Le 20 septembre dernier, il est réélu à la tête de son parti avec 553 voix sur 807 exprimées. Cependant, il faut aller plus loin et regarder aussi les suffrages des sympathisants du parti, qui dépasse le million. Ces derniers sont regroupés en 405 voix : sur celles-ci, 224 sont remportées par Shinzo Abe, mais Shigeru Ishida en obtient 181. C’est le principal opposant à Abe, du même parti, mais celui-ci est divisé en plusieurs branches. Même si Abe a été réélu et fait figure de première option, on peut penser que ce relatif maigre écart entre les sympathisants lui donne, au moins, un droit de parole et de débat au sein de sa majorité. C’est un actuel ministre, qui est connu pour avoir occupé des fonctions majeures dans le pays, et notamment dans la défense.
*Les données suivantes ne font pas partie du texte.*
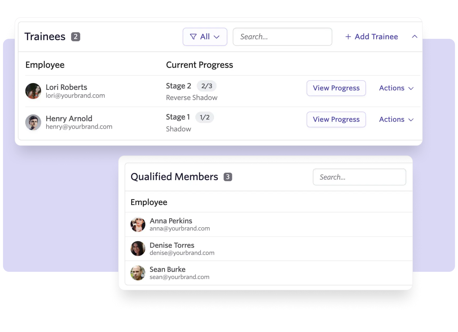 Track qualified and trainee interviewers through structured stages, including shadows and reverse shadows, to build skills-based interviewer pools.
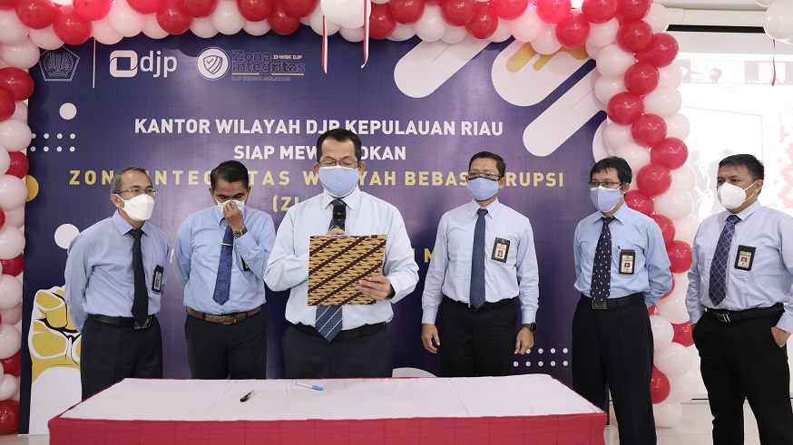 Kepala Kantor Wilayah Direktorat Jenderal Pajak Kepulauan Riau (Kanwil DJP Kepri) Cucu Supriatna menandatangi Lembar Konfirmasi Kesediaan Mengikuti Penilaian Zona Integritas menuju Wilayah Bebas dari Korupsi (ZI-WBK) Tahun 2022 yang disaksikan oleh seluruh pegawai secara langsung maupun secara daring di Aula Barelang Kanwil DJP Kepri, Batam, Kepulauan Riau (Rabu, 18/8). Penandatangan dokumen ini dilaksanakan bersamaan dengan kegiatan memperingati Hari Ulang Tahun ke-76 Kemerdekaan Republik Indonesia.
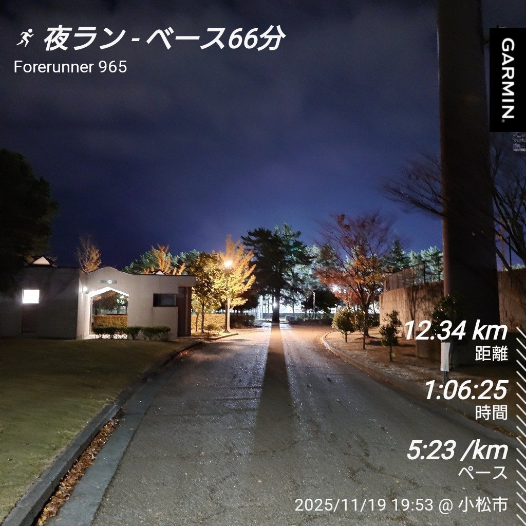 夜ラン12㎞🏃♂️💨終了しました|*・ω・)ノ ベース66分💨 ガーミンのオススメメニューはスプリントだったけど足にちょっと不安もあったので無理なくペース走💨走り終わってその不安も気にならなくなってた🙄 汗冷え注意ですね💦水曜日お疲れ様でした! #garmin #beatyesterday pic.x.com/yIdJyUByyc

Ishiba et Abe souhaitent tout deux réformer le pays et sa constitution : dans sa continuité politique, Abe a pour ambition de continuer ses réformes économiques, dites « Abenomics ». Ishiba lui, voudrait s’occuper des régions du Japon, jugées abandonnées et pouvant selon lui résoudre le problème de croissance du pays.

La Constitution du Japon, dont ce fameux article pacifiste, qui interdit au Japon la détention d’une armée et l’oblige à être en paix, est depuis longtemps sujet à débat pour les politiques comme Abe, qui souhaitent supprimer cet article. Cependant, la population est globalement très attachée à cette volonté pacifiste, et un gouvernement heurté par les scandales de corruption, comme celui de Shinzo Abe depuis deux ans, est régulièrement freiné pour l’application de sa mesure.

Dans une région Sud-Est asiatique où les chefs politiques sont conservateurs et forts (c.f Chine, Corée du Sud), Shinzo Abe ne fait pas figure d’exception. Tout comme son homologue chinois, il mise sur une longévité au pouvoir pour appliquer pleinement ses mesures, et profite d’une opposition émiettée et d’une relative confiance de son peuple.